I’ve worked on some of the hardest engineering challenges in the world
Forecasting and Generative AI at LinkedIn (2022-2023)
I recently worked at LinkedIn where I led several projects in the generative AI space. Given Microsoft’s significant involvement with OpenAI, there was a buzz and a push towards innovation in the gen-ai area. Specifically, I created an on-call copilot system that substantially decreased the time it took to troubleshoot pages that the engineers received.
Another of my achievements was driving a forecasting project. While most LinkedIn campaigns lasted about two weeks with an ad spend up to $50,000, I saw an opportunity. I pushed for forecasting bigger budgets over several quarters, something that’s pretty common on other platforms. This project is expected to be a significant revenue driver for LinkedIn.
The foray into Machine Learning - Meta (2020-2022)
I spent two years at Meta, driving key initiatives within the Feed and Stories Ranking Team. The Feed, as many know, is the heart of Facebook engagement. On the other hand, Stories, inspired by Snapchat, catered more to the younger crowd. Recognizing a need to boost engagement among young adults, I pioneered the integration of Stories directly into the Feed. This required merging two extensive ranking systems into one cohesive unit. The result? A significant uptick in Sessions, a primary metric we report to Wall Street.
It was especially exciting since I worked at Meta on the Feed during an election cycle. As you can imagine, there was a lot of scrutiny from both the executives and the public. Sometimes people ask me who controls the Facebook feed - I could say that while I was there, I played a role in that.

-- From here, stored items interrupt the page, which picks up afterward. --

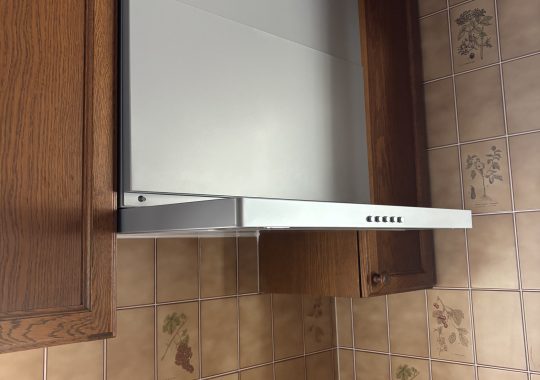 レンジフードの色をキッチンの雰囲気に合うように色決めからお客様と相談して満足していただけるものを取り付けられました。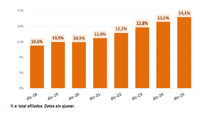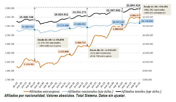 Desde diciembre de 2019, la afiliación de trabajadores extranjeros ha crecido un 45%, encadenando por tercer año consecutivo incrementos superiores a las 200.000 personas. En el conjunto del sistema, los trabajadores foráneos representan ya el 14,1% del total de cotizantes a la Seguridad Social, seis décimas más que hace un año.
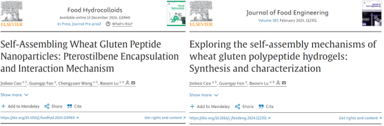近日,我院在读博士研究生曹家宝,围绕“小麦面筋蛋白肽自组装水凝胶体系构建”研究主题,以第一作者身份在《Food Hydrocolloids》(中科院一区TOP,IF:11)、《Journal of Food Engineering》(中科院二区TOP,IF:5.3)等杂志分别发表题为“Self-Assembling Wheat Gluten Peptide Nanoparticles: Pterostilbene Encapsulation and Interaction Mechanism”与“Exploring the self-assembly mechanisms of wheat gluten polypeptide hydrogels: Synthesis and characterization”的研究性论文,鹿保鑫教授为以上论文的通讯作者。该研究得到了国家重点研发计划稻麦适度加工及产品增值关键技术研发与产业化示范项目支持(2021YFD2100902)。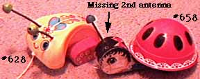- # 658 - Pull Toy: "Lady Bug" (Photo) 1961-1963. Shell turns and clicking sound as toy is pulled. 2 blue antennae. Accessories: None.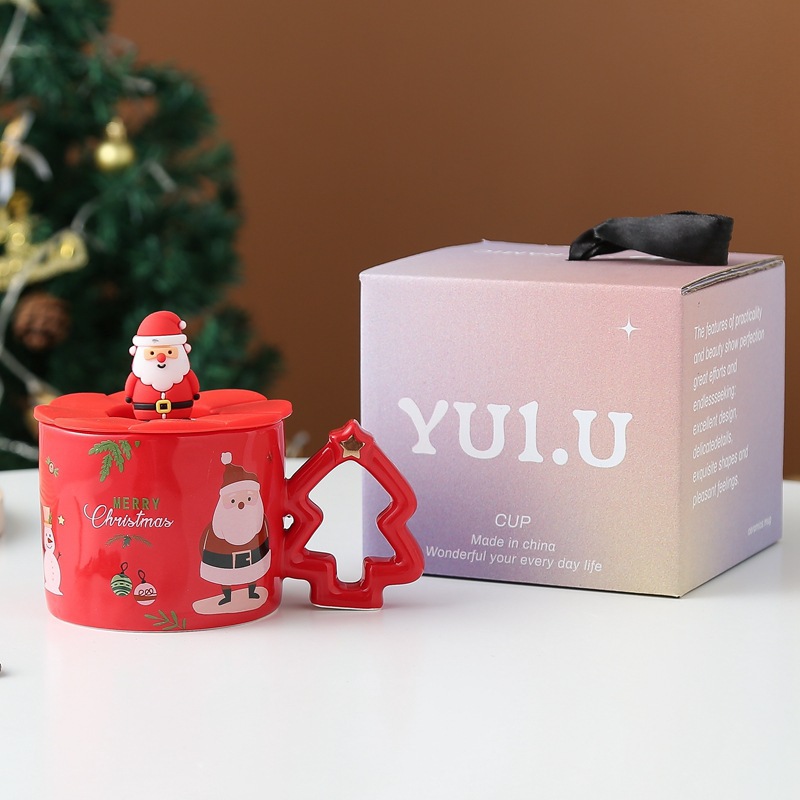 Кружка с крышкой "НГ Merry Christmas" 400мл, Санта, красный

The first of big tech - Google (2015-2020)
At Google, I was deeply involved in refining the Digital Content refunds for the Play Store. If a hefty purchase of Robux was made accidentally, the refund process was managed through my code. We recognized the importance of facilitating easy refunds to prevent bank chargebacks and to retain our valued customers. This initiative enabled me to collaborate with specialized Google divisions, such as Risk for fraud concerns and Legal for compliance, along with several cross-functional teams.
In addition, I took the lead on the Nest integration following Google’s acquisition of the brand. The aim was to unify support, allowing Google’s team to directly address Nest-related issues. This necessitated close collaboration with Nest to ensure seamless data integration
The first job - a big data startup
After completing college, I joined a big data startup, BlueCava, known for its Association Graph. This graph mapped users to their devices without using any personal identifiers. Typically, if someone accessed Google from both their phone and desktop, they’d be identified as one user. But this method had privacy concerns as it was quite direct in its targeting.
I developed an algorithm that deduced if a desktop and a phone were likely operated by the same individual based on browsing patterns and statistical analysis. Say, someone checked out football on their desktop and soccer on mobile; our system might assign a 60% probability that they’re male and possibly the same user. But if the browsing shifted to, say, women’s purses, the profile might switch to a potential female user. This allowed ads to convert substantially better which was a big value add to advertising agencies. I also got the chance to have a massive dataset as there are few datasets as large as advertising data.